Explained Variance using PCoA
eigen.UF <- ordinate(d.bac.rare, "PCoA", "Unifrac")
sum(eigen.UF$values$Relative_eig[c(1:3)])
eigen.WUF <- ordinate(d.bac.rare, "PCoA", "WUnifrac")
sum(eigen.WUF$values$Relative_eig[c(1:3)])I also failed to confirm all the results of the analysis of similarities. Not only tissue Seeds but also CalyxEnd were not significantly different between treatments. Unweigthed UniFrac is a qualitativ distance metric giving rare taxa equal weight compare to more abundant taxa. Interestingly, when I consider abundance (Weighted UniFrac) non of the pairwise comparisons is significant any more.

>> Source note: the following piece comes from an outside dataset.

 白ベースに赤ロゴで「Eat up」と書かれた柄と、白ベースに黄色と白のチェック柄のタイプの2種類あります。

The data indicates a significant difference between location (inside/outside) of the tissue. An interesting finding, relevant for the interpretation of the results.

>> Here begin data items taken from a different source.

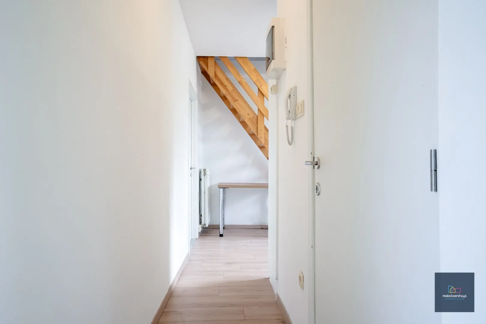 Via de algemene inkomhal bereikt u via de trap ( geen lift) het ruim 3 slaapkamer dakappartement (84m²) welk zich bevindt op de 2de verdieping van een kleinschalige residentie.
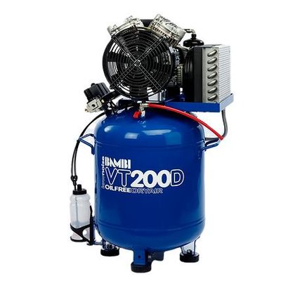 Built with quality in mind, Bambi VT200D air compressors deliver oil free, clean & dry air. Capable of running a 4 chair dental practice* the VT200D features Bambi’s desiccant air dryer unit designed to guarantee “desert dry” air. The multi row, fan assisted after-cooler reduces the air temperature prior to entering the dryer. Dramatically reducing the air temperature enables the integral coalescing filter to collect and remove water droplets as small as 0.01 microns. This process allows removal of 99% moisture content before the desiccant adsorption achieving a dewpoint as low as -40°c**
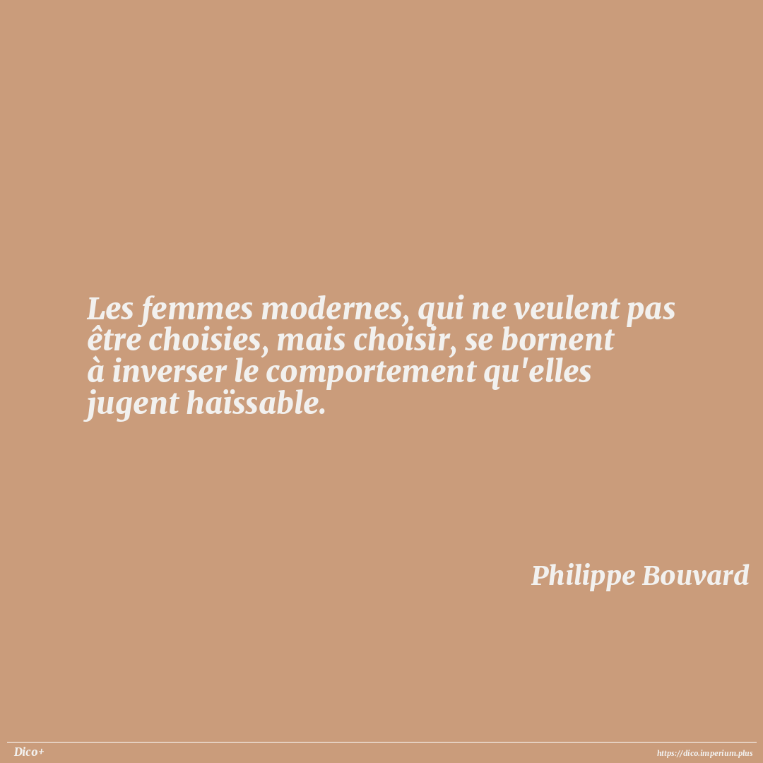 Les femmes modernes, qui ne veulent pas être choisies, mais choisir, se bornent à inverser le comportement qu'elles jugent haïssable.

ANOSIM Results (p-values without multiple-hypothesis correction)
Tissue : R = 0.53, p = 0.001
Treatment : R = 0.28, p = 0.001
Treatment no Seeds : R = 0.40, p = 0.001
Treatment-Tissue : R = 0.78, p = 0.001
Inside/outside : R = 0.51, p = 0.001Table 1: Pairwise - Unweigthed UniFrac
| Comparison | Df | SumsOfSqs | F.Model | R2 | p.value | p.adjusted | sig |
|---|---|---|---|---|---|---|---|
| H-Stem vs C-Stem | 1 | 0.5785735 | 3.4661078 | 0.36615976 | 0.030 | 0.04096552 | . |
| H-StemEnd vs C-StemEnd | 1 | 0.5630496 | 3.0985516 | 0.34055438 | 0.030 | 0.04096552 | . |
| H-Peel vs C-Peel | 1 | 0.5117392 | 2.2376209 | 0.27163436 | 0.032 | 0.04096552 | . |
| H-FruitPulp vs C-FruitPulp | 1 | 0.6023229 | 3.0952419 | 0.34031441 | 0.030 | 0.04096552 | . |
| H-Seeds vs C-Seeds | 1 | 0.3455386 | 1.3945509 | 0.18859170 | 0.061 | 0.06493548 | |
| H-CalyxEnd vs C-CalyxEnd | 1 | 0.3542998 | 1.6847801 | 0.21923596 | 0.063 | 0.06600000 |
Table 2: Pairwise - Weigthed UniFrac
| Comparison | Df | SumsOfSqs | F.Model | R2 | p.value | p.adjusted | sig |
|---|---|---|---|---|---|---|---|
| H-Stem vs C-Stem | 1 | 0.1866470 | 3.3325662 | 0.35709001 | 0.025 | 0.05250000 | NS |
| H-StemEnd vs C-StemEnd | 1 | 0.1871960 | 2.8463682 | 0.32175557 | 0.026 | 0.05250000 | NS |
| H-Peel vs C-Peel | 1 | 0.5025782 | 10.6873377 | 0.64044594 | 0.022 | 0.05250000 | NS |
| H-FruitPulp vs C-FruitPulp | 1 | 0.7930154 | 30.1887011 | 0.83420239 | 0.034 | 0.05250000 | NS |
| H-Seeds vs C-Seeds | 1 | 0.3537613 | 3.6847942 | 0.38047212 | 0.143 | 0.15472131 | NS |
| H-CalyxEnd vs C-CalyxEnd | 1 | 0.1389192 | 1.1419600 | 0.15989449 | 0.197 | 0.20315625 | NS |
Maybe a hierarchical clustering can help to better understand data structure.